Transcribe the material verbatim, starting at its first line and stopping once the line containing "영업 중단을 앞둔 가양점" has been given; no picture should appear.

Input Start Marker

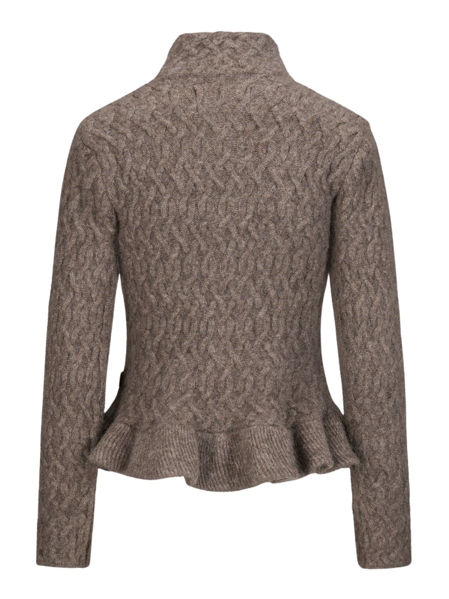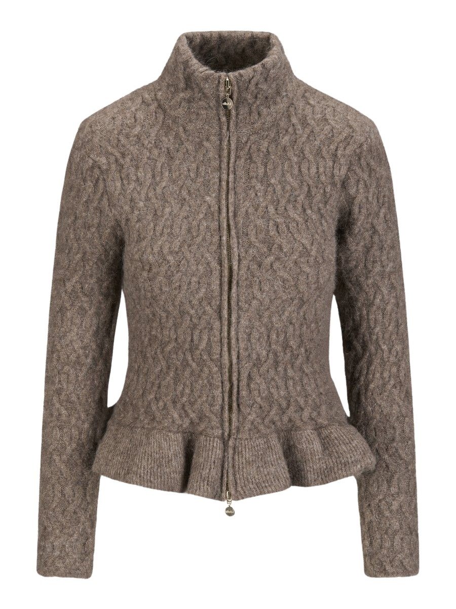 Cardigan til dame fra Ella&il. Et stilig og varmt plagg med lange ermer og høy hals. Cardiganen har rysjer nederst og intrikate flettedetaljer, noe som gir tekstur og sjarm. De avtakbare skulderputene gir allsidighet, og toveis glidelåslukkingen foran gir ekstra funksjonalitet. Den perfekt cardiganen for lag-på-lag-antrekk til høsten og vinteren.
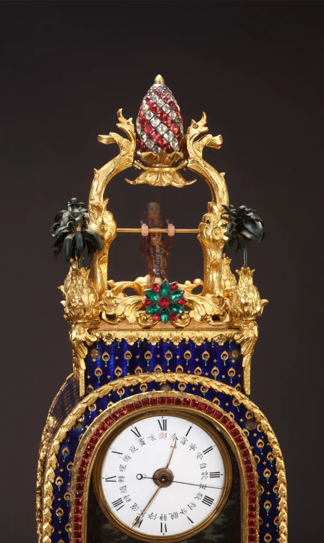 钟分三层,下层布景箱内居中是一朵旋转宝石小花,两侧紧密直立的玻璃柱组成水法景观。中层安置表盘,表盘其下饰水法,其外的钟壳则饰以蓝地珐琅彩彩绘,纹饰呈“孔雀羽”的造型,这在同类作品中不为常见。座钟上层饰活动翻杠西洋小人,颇具西洋情调。启动时,座钟有乐声叮当作响,伴以玻璃水法似瀑布般流动,宝石花卉绚丽旋转,翻杠小人上下翩然起舞,气氛欢乐,极具意趣。清乾隆-嘉庆 铜鎏金御题诗西洋游戏人物钟 御题诗
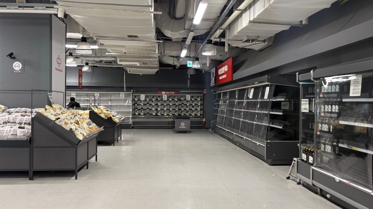 영업 중단을 앞둔 가양점 내부는 이미 텅 비어 있었다. 신선식품은 자취를 감췄고, 고기·생선·채소 코너에는 과자와 PB(자체브랜드) 상품이 진열돼 있었다. 라면, 과자 등 코너에도 일부 브랜드 상품이 듬성듬성 놓여 넒은 진열대를 간신히 채웠다.
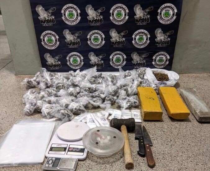 A corporação recebeu uma denúncia e guardas se dirigiram a uma casa, situada na Rua José Luiz Covolan. Em meio à fiscalização no imóvel, os patrulheiros abordaram uma dupla suspeita. Em averiguação, os guardas encontraram três tijolos de maconha, além de 2,1 mil porções da droga e balanças de precisão.
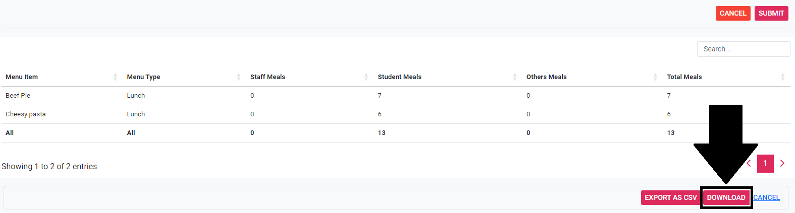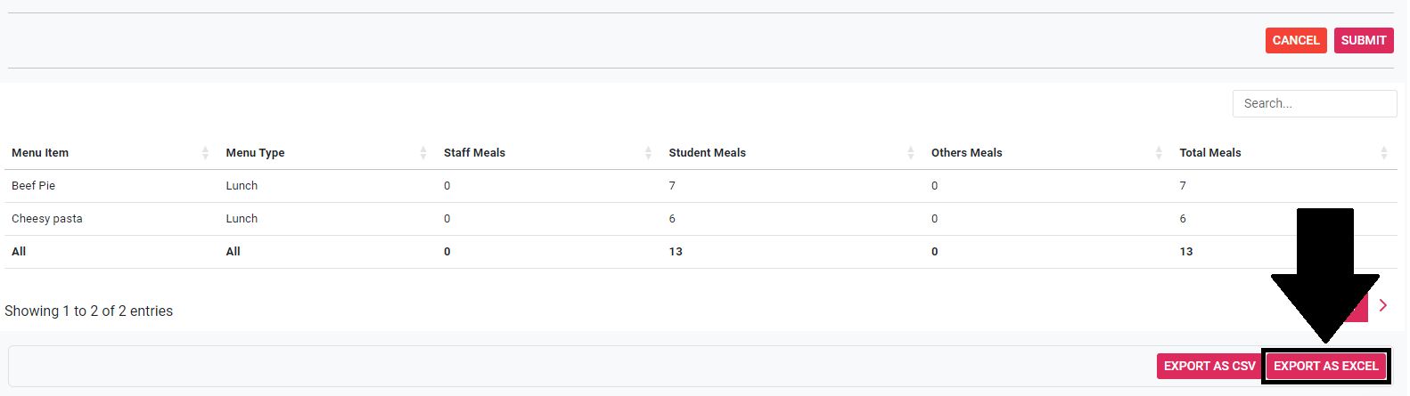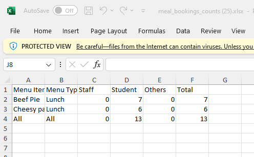 Schools may typically need to provide kitchen staff with a breakdown of how many meals items have been ordered each day so they can start cooking.

Input End Marker

__Answer to this exercise__.
 Cardigan til dame fra Ella&il. Et stilig og varmt plagg med lange ermer og høy hals. Cardiganen har rysjer nederst og intrikate flettedetaljer, noe som gir tekstur og sjarm. De avtakbare skulderputene gir allsidighet, og toveis glidelåslukkingen foran gir ekstra funksjonalitet. Den perfekt cardiganen for lag-på-lag-antrekk til høsten og vinteren.
 钟分三层,下层布景箱内居中是一朵旋转宝石小花,两侧紧密直立的玻璃柱组成水法景观。中层安置表盘,表盘其下饰水法,其外的钟壳则饰以蓝地珐琅彩彩绘,纹饰呈“孔雀羽”的造型,这在同类作品中不为常见。座钟上层饰活动翻杠西洋小人,颇具西洋情调。启动时,座钟有乐声叮当作响,伴以玻璃水法似瀑布般流动,宝石花卉绚丽旋转,翻杠小人上下翩然起舞,气氛欢乐,极具意趣。清乾隆-嘉庆 铜鎏金御题诗西洋游戏人物钟 御题诗
 영업 중단을 앞둔 가양점 내부는 이미 텅 비어 있었다. 신선식품은 자취를 감췄고, 고기·생선·채소 코너에는 과자와 PB(자체브랜드) 상품이 진열돼 있었다. 라면, 과자 등 코너에도 일부 브랜드 상품이 듬성듬성 놓여 넒은 진열대를 간신히 채웠다.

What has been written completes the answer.